Records supplied:
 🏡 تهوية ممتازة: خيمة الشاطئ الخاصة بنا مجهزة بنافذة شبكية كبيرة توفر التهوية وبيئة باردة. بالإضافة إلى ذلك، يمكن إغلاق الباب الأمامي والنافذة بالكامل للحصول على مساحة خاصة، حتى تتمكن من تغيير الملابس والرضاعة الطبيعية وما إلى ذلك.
...
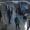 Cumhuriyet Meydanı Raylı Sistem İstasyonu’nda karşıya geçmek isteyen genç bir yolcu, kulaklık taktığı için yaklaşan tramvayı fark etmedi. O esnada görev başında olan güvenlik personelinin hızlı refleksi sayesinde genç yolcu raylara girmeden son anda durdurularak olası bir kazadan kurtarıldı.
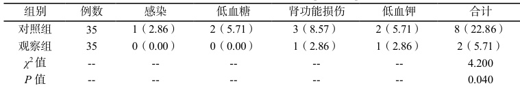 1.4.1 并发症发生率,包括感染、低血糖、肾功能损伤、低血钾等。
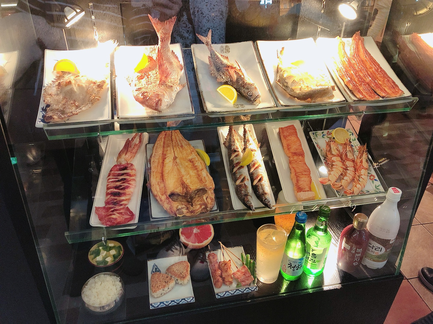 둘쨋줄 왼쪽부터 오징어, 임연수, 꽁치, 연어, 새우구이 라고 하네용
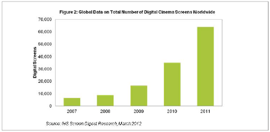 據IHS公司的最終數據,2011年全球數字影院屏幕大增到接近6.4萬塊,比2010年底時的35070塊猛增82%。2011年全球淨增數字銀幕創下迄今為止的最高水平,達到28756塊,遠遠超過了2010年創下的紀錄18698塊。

Goal of the exercise: Beginning at the line above that contains "둘쨋줄 왼쪽부터 오징어, 임연수, 꽁치, 연어, 새우구이 라고 하네용", repeat each line exactly through the one that contains "據IHS公司的最終數據,20", and leave out the pictures.

Written response:
 둘쨋줄 왼쪽부터 오징어, 임연수, 꽁치, 연어, 새우구이 라고 하네용
 據IHS公司的最終數據,2011年全球數字影院屏幕大增到接近6.4萬塊,比2010年底時的35070塊猛增82%。2011年全球淨增數字銀幕創下迄今為止的最高水平,達到28756塊,遠遠超過了2010年創下的紀錄18698塊。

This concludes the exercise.